Last updated on: April 30, 2019, 03:49h.
Tennessee Republican Governor Bill Lee is expected to allow a sports betting bill to lapse into law after it was passed 19-12 by the Senate on Tuesday morning, just six days after being ratified by the House.
The bill is notable because it is the first piece of legislation passed by a state legislature since the fall of PASPA that will authorize and regulate online wagering only.
But it’s a pale imitation of the bill that was introduced by Rep. Rick Staples (D-Knoxville) last November, which was the first to be pre-filed in Nashville ahead of the 2019 session.
Six months is a long time in politics and since then Staples has resigned as assistant minority leader of the House after being accused of sexual harassment.
Meanwhile, the sponsor of the companion bill in the Senate, Sen. Steve Dickerson (R-Davidson) is on the wrong end of a looming federal lawsuit that will accuse his pain-management company of committing widespread fraud by performing unnecessary drug tests, dishonest billing, and forging documents.
Land-Based Struck Down
Staples’ original bill would have allowed operators to set up land-based sports betting kiosks, as well as online sports betting in this casino-less state, but the land-based element has been whittled away in various House committees, which have also made it far less industry friendly.
The originally proposed tax rate of 10 percent has been doubled, while a proposed license fee of $75,000 has been multiplied by ten.
Meanwhile, provisions have been added that will afford the leagues unprecedented power over the industry, mandating the exclusive use of official league data, which, lacking competition, may be sold at a price of the leagues’ choosing.
The leagues will also be permitted to “submit to the board in writing a request to prohibit a type or form of wagering, or to prohibit a category of persons from wagering.”

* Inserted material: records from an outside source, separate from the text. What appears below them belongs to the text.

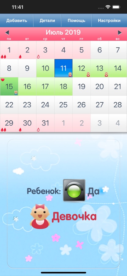 Просто введите первый день последней менструации, и приложение спрогнозирует следующую менструацию, день овуляции, а также наиболее и наименее благоприятные дни цикла.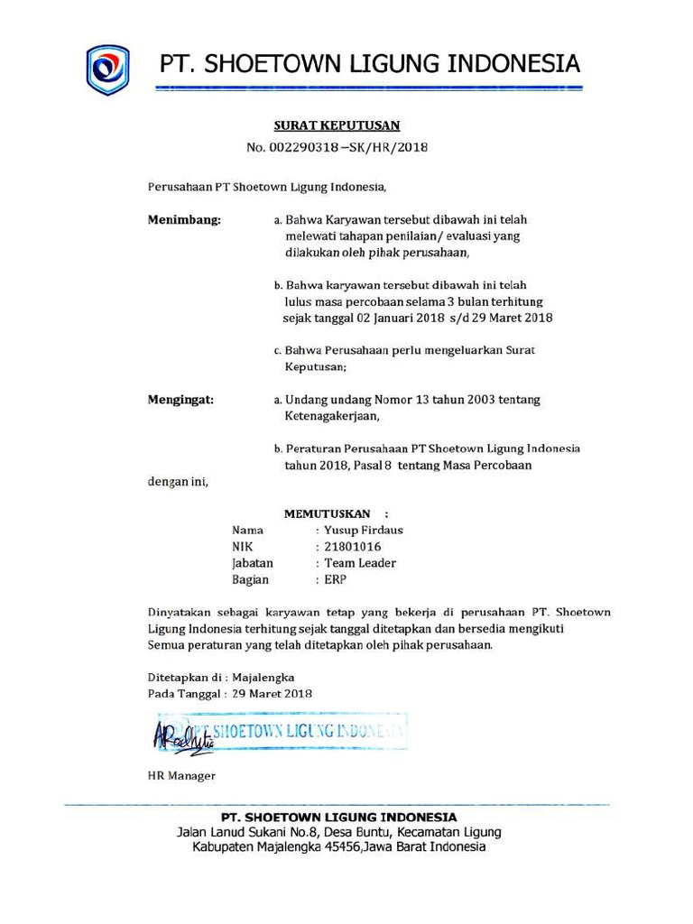 Cukup dengan ada surat keputusan pengangkatan karyawan masa percobaan. Contoh spk pkwtt bagaimana bentuk dan isi dari surat tersebut. Masa percobaan probation period di dalam recruitment kepegawaian sudah lazim adanya masa percobaan bagi karyawan. Biasanya di masa percobaan ini adalah masa masa krusial dan sangat penting bagi karyawan dan perusahaan itu sendiri karena pada masa ini karyawan akan dinilai kelayakannya dalam memenuhi kompetensi yang diperlukan oleh perusahaan tersebut. Artinya adalah bahwa sebenarnya tidak ada kewajiban bagi perusahaan untuk membuat surat perjanjian kerja waktu tidak tertentu. Pihak pihak yang terkait yang tertulis dalam surat biasanya pihak 1 perusahaan dan pihak 2 karyawan.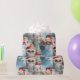 Colourful wrapping paper adorned with adorable owls in Santa hats, surrounded by Christmas gifts and wintery decorations, bringing a joyful holiday spirit to any present.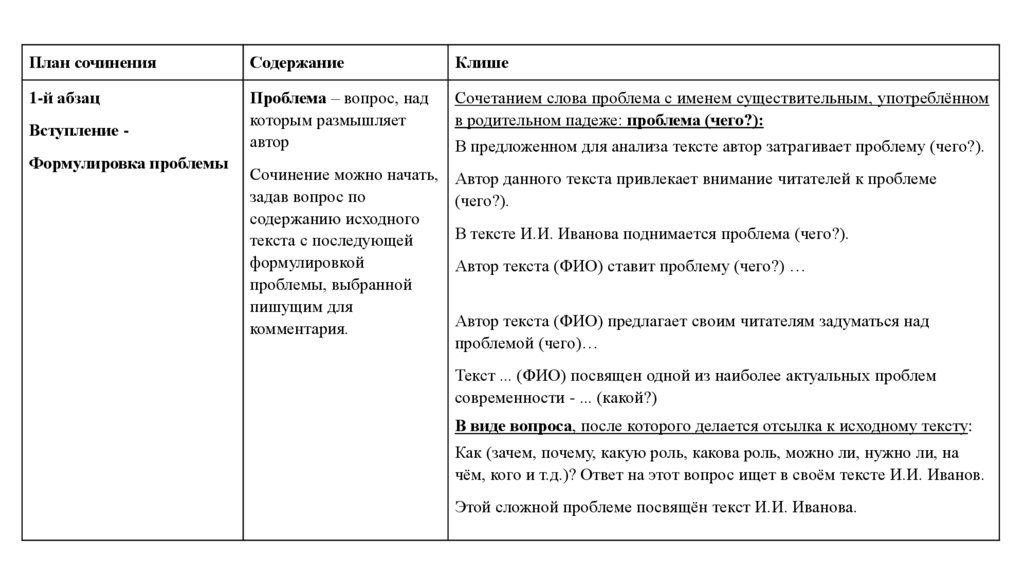 План сочиненияСодержание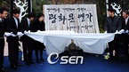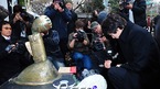 '광화문 연가'를 작곡한 故 이영훈의 노래비 '광화문 연가' 제막식 및 추모식이 14일 오후 서울 덕수궁 돌담길에서 열렸다. 고인의 유족인 아내 김은옥 씨와 아들 이정환이 노래비에 헌화하고 있다. 김승현의 사회로 이루어진 이날 추모 노래비 제막식은 이문세, 정훈희, 전제덕, 안성기, 송대관 등 연예인과 오세훈...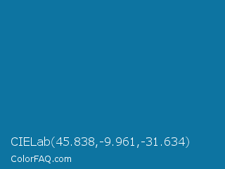 CIELab 45.838,-9.961,-31.634 Color is a normal blue color and the nearest color is Allports #0076a3. Hex code #0d74a1 and RGB value is rgb(13,116,161). In RGB color space, this color is composed of 5% red, 45% green, 63% blue, In CMYK color space, this color is composed of 92% cyan, 28% magenta, 0% yellow , 37% black , In HSL color space, this color has a hue angle of 198° , 85% saturation and 34% lightness.

Tennessee becomes the fourth state to send a bill to the governor’s desk this year after Iowa, Indiana, and Montana, although none have yet been enacted.
Having previously stated he does not want sports betting in Tennessee and that gambling was “not consistent with the values of this state,” Governor Lee said via his press secretary that he plans to let the bill become law without his signature because he “recognizes many in the legislature found this to be an issue they want to explore further.”
According to Tennessee law, a governor must either sign or veto a bill within 10 days of transmittal, excluding Sundays, or it will become law.
A bill sent to the desk of Indiana Governor Eric Holcomb would become law on Wednesday, unless it is vetoed. Montana’s may become law today.